# [GIVEN ENTRIES]
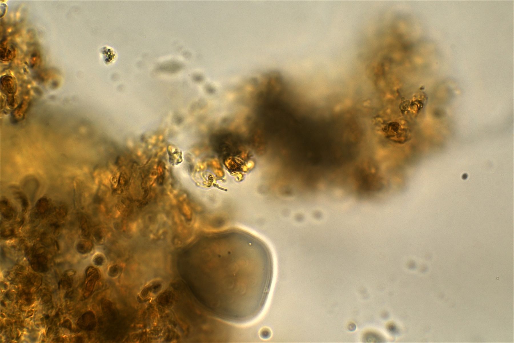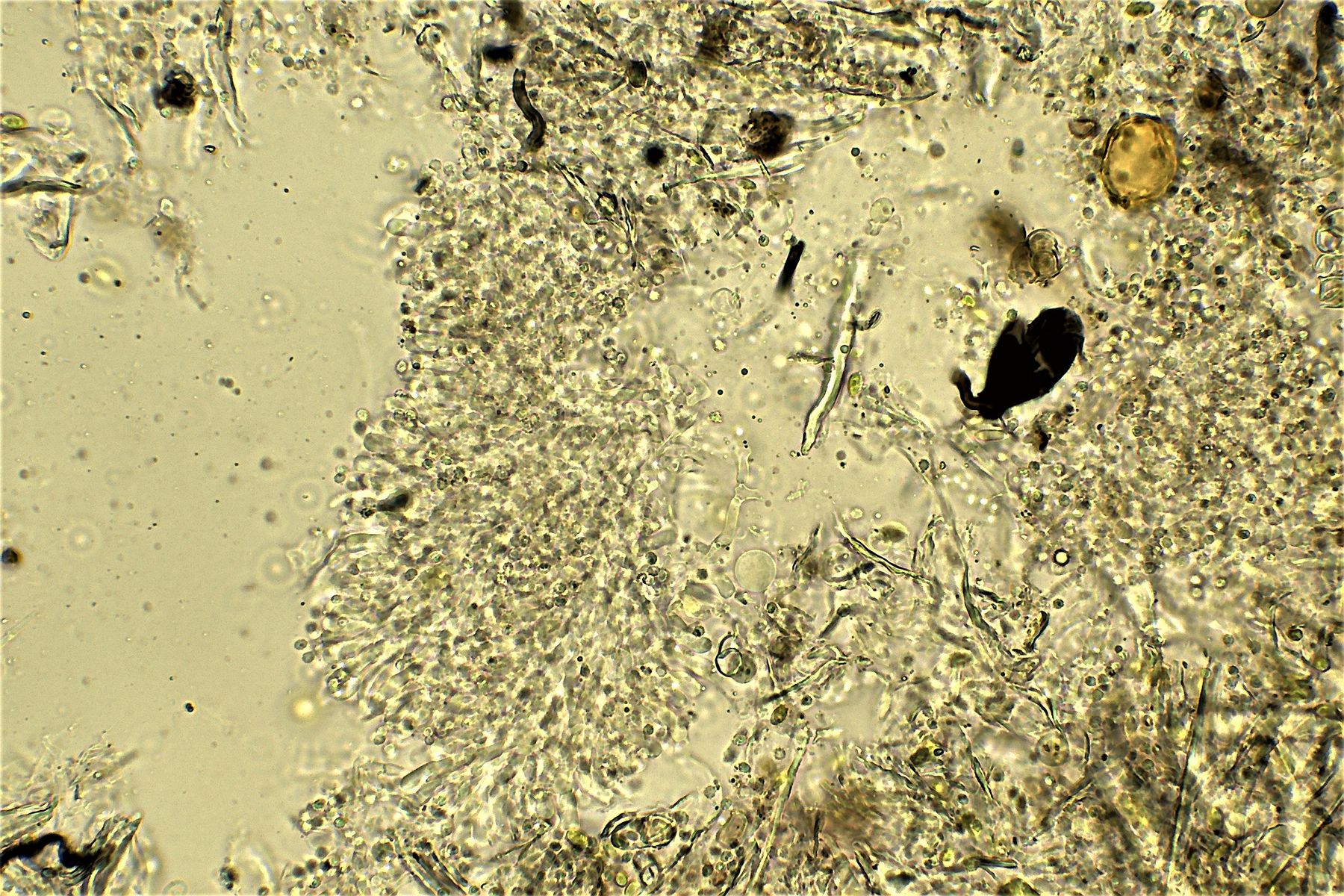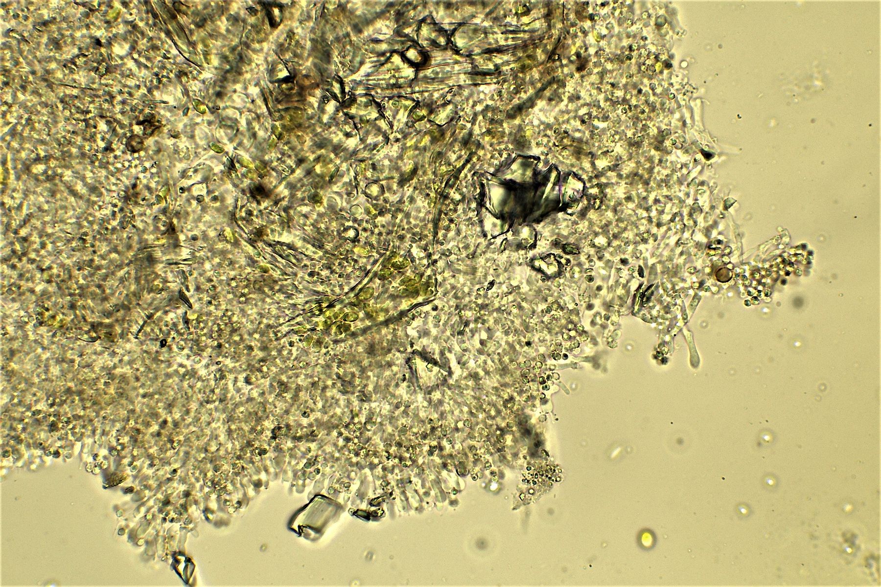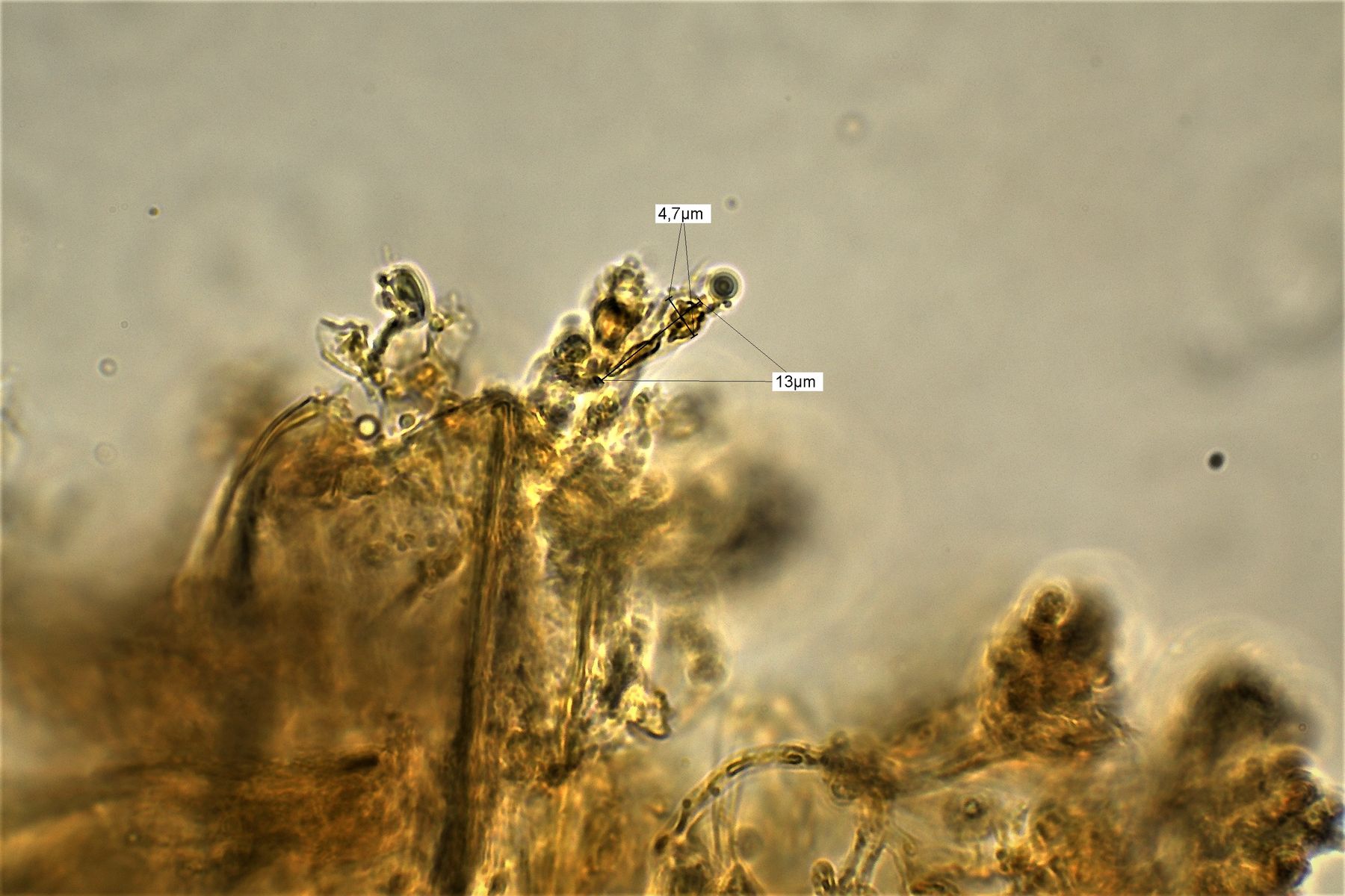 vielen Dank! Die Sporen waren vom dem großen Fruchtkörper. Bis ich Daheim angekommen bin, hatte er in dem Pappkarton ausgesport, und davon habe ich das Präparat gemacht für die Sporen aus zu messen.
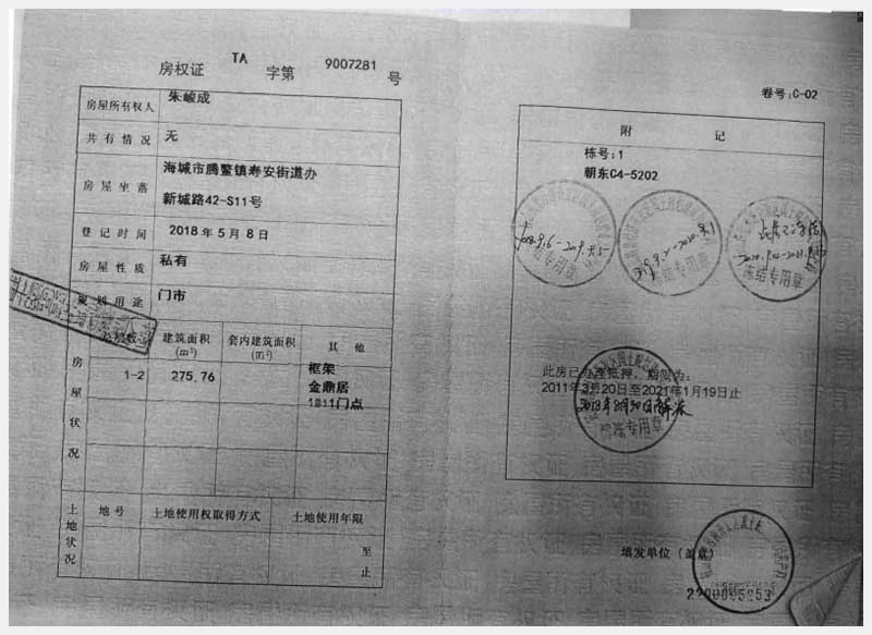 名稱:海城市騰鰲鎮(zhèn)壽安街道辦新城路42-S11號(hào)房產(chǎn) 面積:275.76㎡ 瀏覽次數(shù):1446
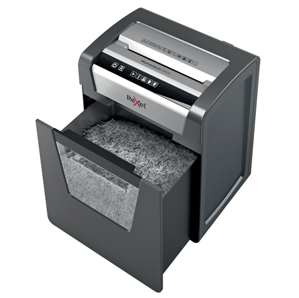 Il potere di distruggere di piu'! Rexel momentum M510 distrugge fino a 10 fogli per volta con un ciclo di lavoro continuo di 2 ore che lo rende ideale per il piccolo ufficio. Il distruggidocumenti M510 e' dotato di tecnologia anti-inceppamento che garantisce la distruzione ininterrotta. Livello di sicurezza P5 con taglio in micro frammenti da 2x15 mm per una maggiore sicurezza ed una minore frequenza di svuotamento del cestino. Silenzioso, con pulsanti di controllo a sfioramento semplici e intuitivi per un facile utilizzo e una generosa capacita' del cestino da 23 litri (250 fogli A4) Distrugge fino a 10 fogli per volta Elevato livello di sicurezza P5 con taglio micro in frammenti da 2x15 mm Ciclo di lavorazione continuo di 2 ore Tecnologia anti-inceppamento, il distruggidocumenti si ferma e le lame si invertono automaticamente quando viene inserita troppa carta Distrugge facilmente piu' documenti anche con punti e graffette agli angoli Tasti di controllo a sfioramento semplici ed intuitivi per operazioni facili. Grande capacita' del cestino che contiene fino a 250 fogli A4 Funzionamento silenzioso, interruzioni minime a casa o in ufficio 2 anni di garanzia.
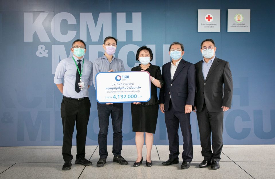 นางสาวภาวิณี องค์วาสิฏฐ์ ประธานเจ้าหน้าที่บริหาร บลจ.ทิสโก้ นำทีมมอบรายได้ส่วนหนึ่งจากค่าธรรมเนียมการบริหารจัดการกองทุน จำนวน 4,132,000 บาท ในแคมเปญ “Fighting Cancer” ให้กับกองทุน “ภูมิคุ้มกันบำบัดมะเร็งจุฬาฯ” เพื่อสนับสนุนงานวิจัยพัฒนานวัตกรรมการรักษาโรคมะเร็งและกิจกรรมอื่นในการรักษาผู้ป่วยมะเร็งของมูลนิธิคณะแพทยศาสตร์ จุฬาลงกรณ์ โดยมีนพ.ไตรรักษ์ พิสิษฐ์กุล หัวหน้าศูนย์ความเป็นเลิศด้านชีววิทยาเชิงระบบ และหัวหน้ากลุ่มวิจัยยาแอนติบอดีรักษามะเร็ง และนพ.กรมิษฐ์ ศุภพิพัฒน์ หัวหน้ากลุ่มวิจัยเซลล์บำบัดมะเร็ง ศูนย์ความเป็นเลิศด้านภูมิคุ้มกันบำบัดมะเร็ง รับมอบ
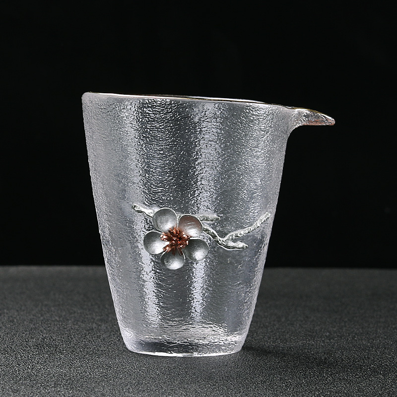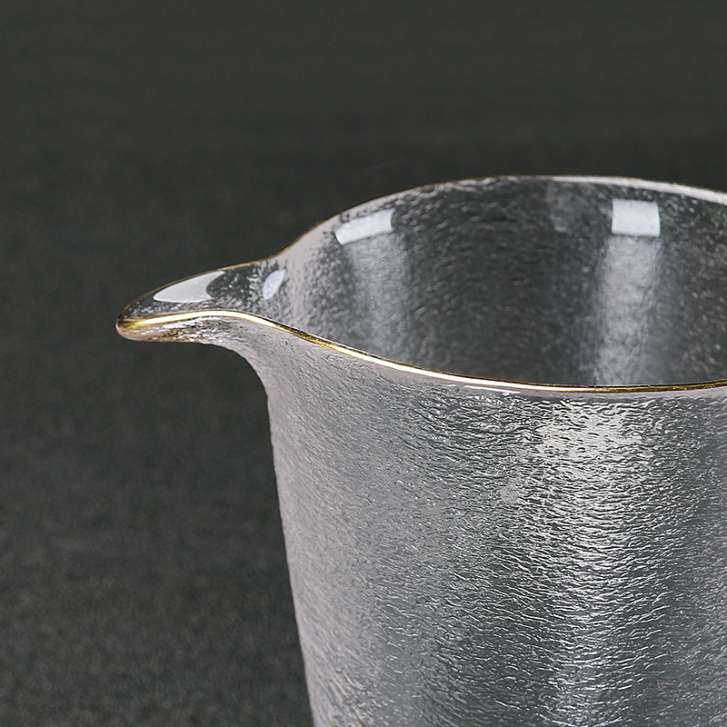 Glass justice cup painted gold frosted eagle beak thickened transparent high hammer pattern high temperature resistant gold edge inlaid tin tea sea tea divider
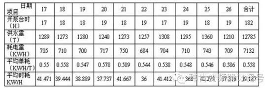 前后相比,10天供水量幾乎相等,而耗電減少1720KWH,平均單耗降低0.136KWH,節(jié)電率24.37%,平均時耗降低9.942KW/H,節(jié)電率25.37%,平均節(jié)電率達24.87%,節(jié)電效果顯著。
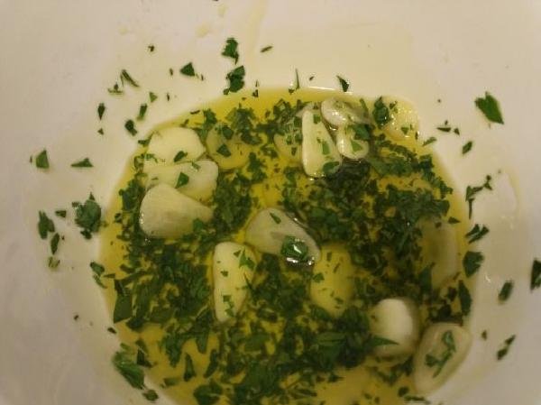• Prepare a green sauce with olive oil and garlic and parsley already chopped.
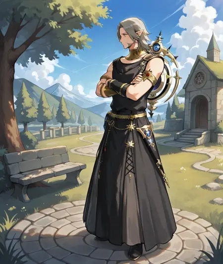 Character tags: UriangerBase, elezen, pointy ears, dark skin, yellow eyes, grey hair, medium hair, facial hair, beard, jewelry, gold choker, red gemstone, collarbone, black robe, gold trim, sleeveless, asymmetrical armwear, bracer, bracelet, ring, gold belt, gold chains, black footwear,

# [WHAT TO DO]
Would you set down only the lines above from the line with "Glass justice cup" to the line with "parsley already chopped.", both included, exactly as they stand and without the pictures?

# [OUTPUT FOR THIS TASK]
 Glass justice cup painted gold frosted eagle beak thickened transparent high hammer pattern high temperature resistant gold edge inlaid tin tea sea tea divider
 前后相比,10天供水量幾乎相等,而耗電減少1720KWH,平均單耗降低0.136KWH,節(jié)電率24.37%,平均時耗降低9.942KW/H,節(jié)電率25.37%,平均節(jié)電率達24.87%,節(jié)電效果顯著。
• Prepare a green sauce with olive oil and garlic and parsley already chopped.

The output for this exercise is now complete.